Closed muffato closed 1 year ago
nf-core lint
overall result: Passed :white_check_mark: :warning:Posted for pipeline commit 370361f
+| ✅ 126 tests passed |+
#| ❔ 17 tests were ignored |#
!| ❗ 8 tests had warnings |!
Looks great to me, thanks again for the work you're putting in.
I'll wait for input from @gq1 incase there are any Tower breaking changes, unless you know for sure @muffato ?
I tried on the farm, both profile test
and test_full
are fine.
With profile test_github
, after I download the data and replace the path, I still get the error:
container creation failed: mount /home/runner/work/treeval/treeval/TreeValTinyData/gene_alignment_data/fungi/LaetiporusSulphureus/LaetiporusSulphureus.gfLaeSulp1/cdna->/home/runner/work/treeval/treeval/TreeValTinyData/gene_alignment_data/fungi/LaetiporusSulphureus/LaetiporusSulphureus.gfLaeSulp1/cdna error: while mounting /home/runner/work/treeval/treeval/TreeValTinyData/gene_alignment_data/fungi/LaetiporusSulphureus/LaetiporusSulphureus.gfLaeSulp1/cdna: mount source /home/runner/work/treeval/treeval/TreeValTinyData/gene_alignment_data/fungi/LaetiporusSulphureus/LaetiporusSulphureus.gfLaeSulp1/cdna doesn't exist
I can't see anywhere still has the path for github.

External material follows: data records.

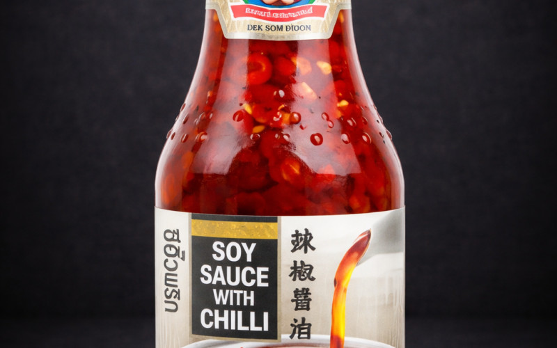 En aromatisk soyasaus med chili som gir både salt, umami og behagelig styrke. Den klare sausen er fylt med biter av chili som gir karakter og varme til rettene.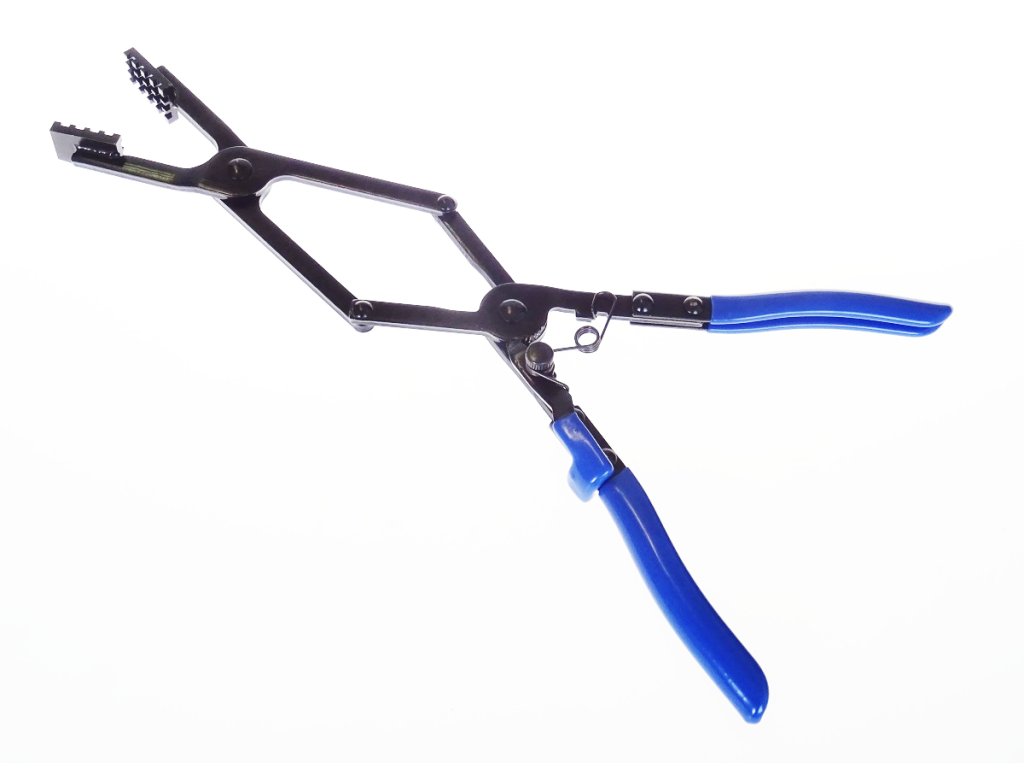 Speciální nástroj na práci s různými typy spon na hadicích vozidel. Extra délka 430 mm a dvojitý kloub umožňují práci i ve velmi špatně přístupných místech, jako jsou podvozky, motorové prostory apod. Čelisti lze zajistit pomocí aretační páčky.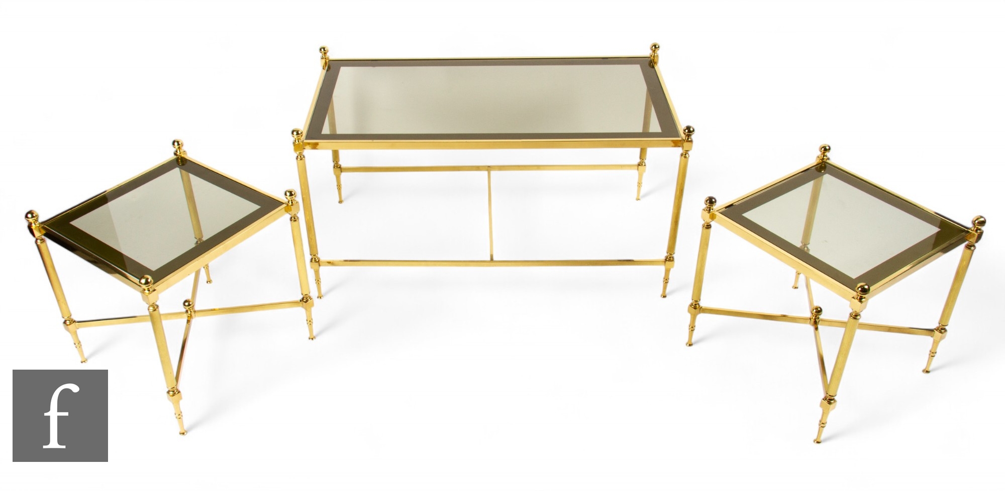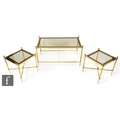 In the manner of Maison Jansen - A set of three 1970s gilt metal and glass occasional tables, with reeded tapered supports with tiered glass panels, largest height 46cm, length 87cm and depth 45cm. (3)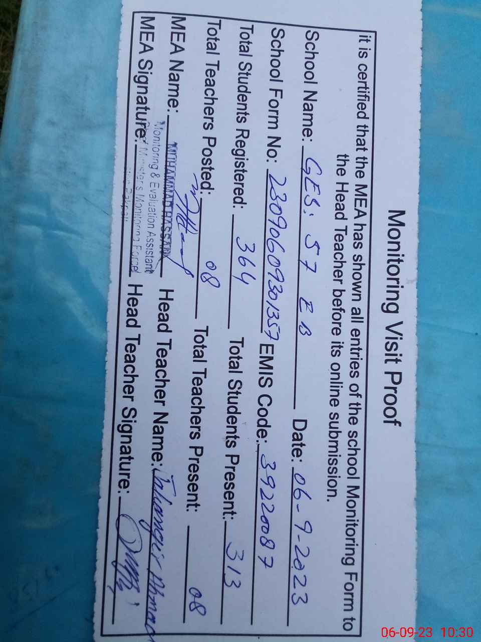 | Attendance Register | Head Teacher | MEA with School | Visit Proof |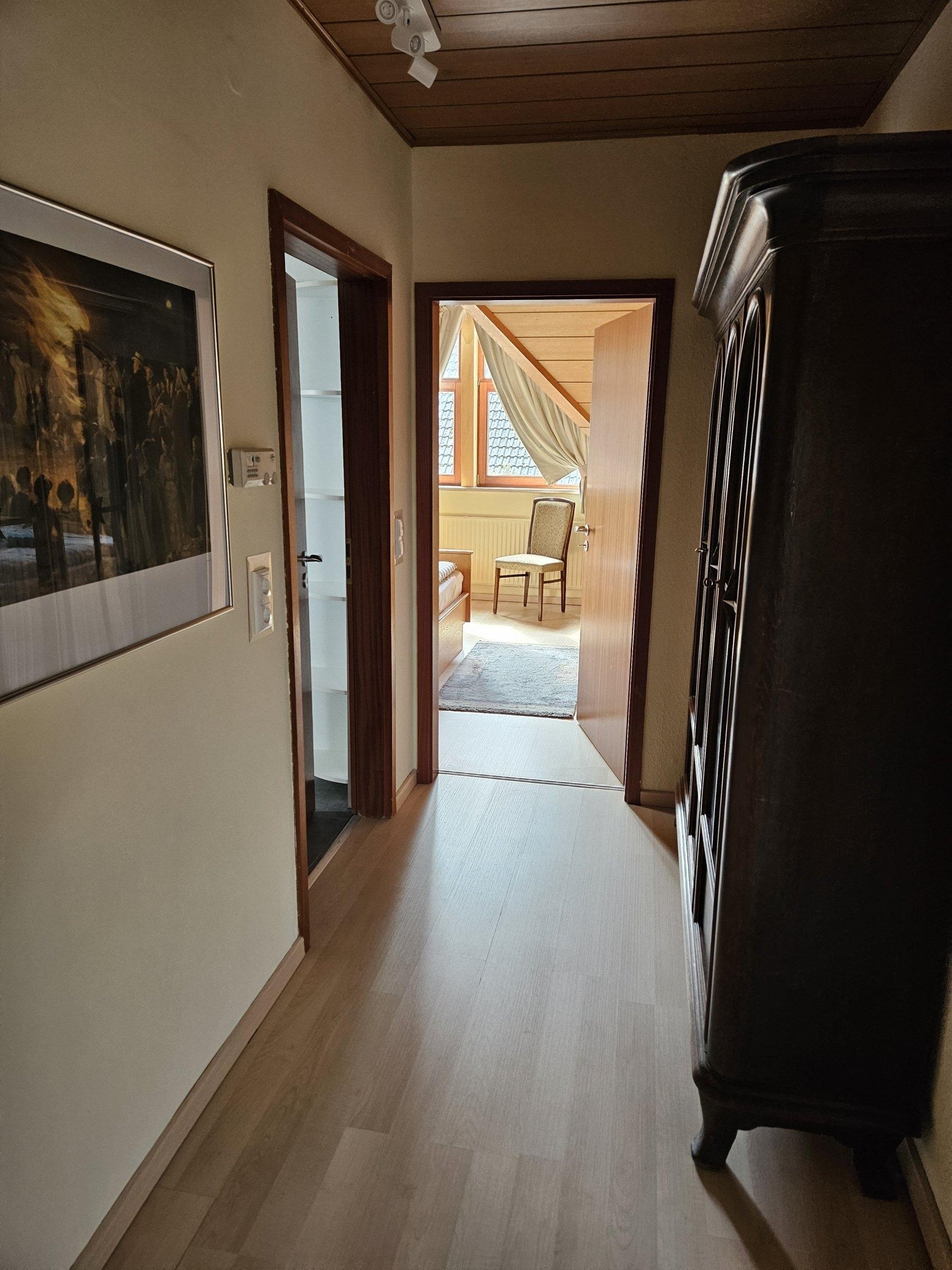 Die Ferienwohnung befindet sich im Obergeschoss eines repräsentativen Zweifamilienhauses, der Gastgeber bewohnt selbst die Wohnung im Erdgeschoß.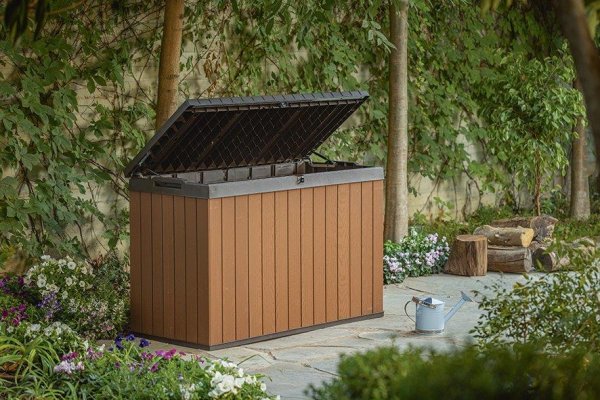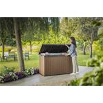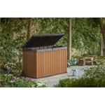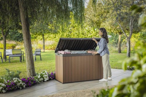 Najděte pro box ideální místo na zahradě. Díky struktuře, která připomíná dřevo, zapadne do každého prostředí. Uložené věci navíc můžete uzamknout uvnitř boxu. Hydraulický pístový systém zajistí plynulé a bezpečné zavírání a otevírání víka. Po zavření se na něj navíc usadí až 2 lidi.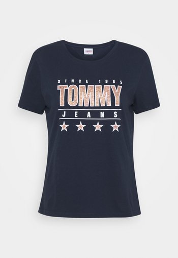 A navy blue t-shirt with a graphic design featuring the text 'Since 1993' and a star pattern above it, with the word 'Tommy' in a larger font below the stars. The t-shirt has a white tag on the back collar. | SLIM TEE - Print T-shirt - twilight navy | 4c3be55257db8bd485aab7bafd9dfdb2821bf88819a93e15eab176b980a5eb6d | 001229705742 | 0 | 0 | 40 | 8 | 0 | 0 | |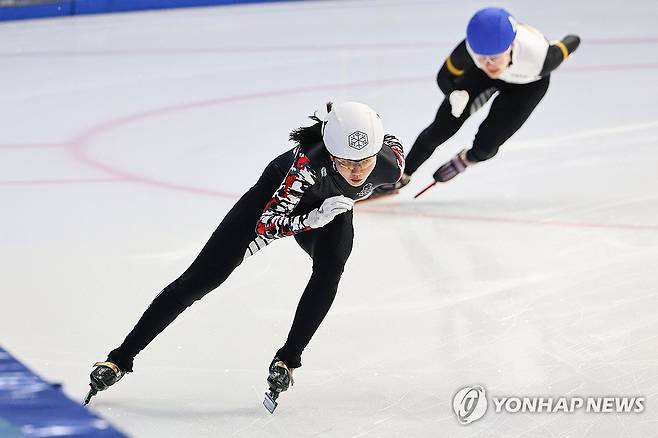(서울=연합뉴스) 서대연 기자 = 6일 오후 서울 양천구 목동아이스링크에서 열린 2024-2025 시즌 쇼트트랙 국가대표 1차 선발전 여자 500m 예선에서 심석희(흰색 헬멧, 서울시청)가 역주하고 있다. 2024.4.6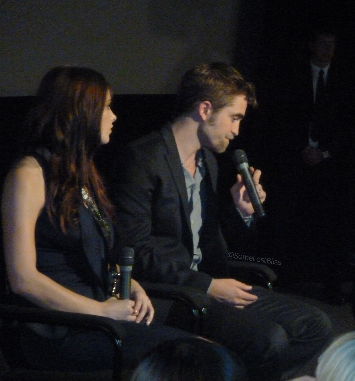 After a few minutes, Rob and Ashley came into the room. The translator asked questions of Facebook fans (I confess that I was not super focused on those here) and people in the room asked questions.

Here is the full yaml file for assets/github_testing/TreeValTinyTest.yaml
assembly:
level: scaffold
sample_id: grTriPseu1
latin_name: to_provide_taxonomic_rank
classT: fungi
asmVersion: 1
dbVersion: "1"
gevalType: DTOL
reference_file: /lustre/scratch123/tol/teams/tolit/users/gq2/git_test/treeval/testdata/TreeValTinyData/assembly/draft/grTriPseu1.fa
assem_reads:
pacbio: /lustre/scratch123/tol/teams/tolit/users/gq2/git_test/treeval/testdata/TreeValTinyData/genomic_data/pacbio/
hic: /lustre/scratch123/tol/teams/tolit/users/gq2/git_test/treeval/testdata/TreeValTinyData/genomic_data/hic-arima/
supplementary: path
alignment:
data_dir: /lustre/scratch123/tol/teams/tolit/users/gq2/git_test/treeval/testdata/TreeValTinyData/gene_alignment_data/
common_name: "" # For future implementation (adding bee, wasp, ant etc)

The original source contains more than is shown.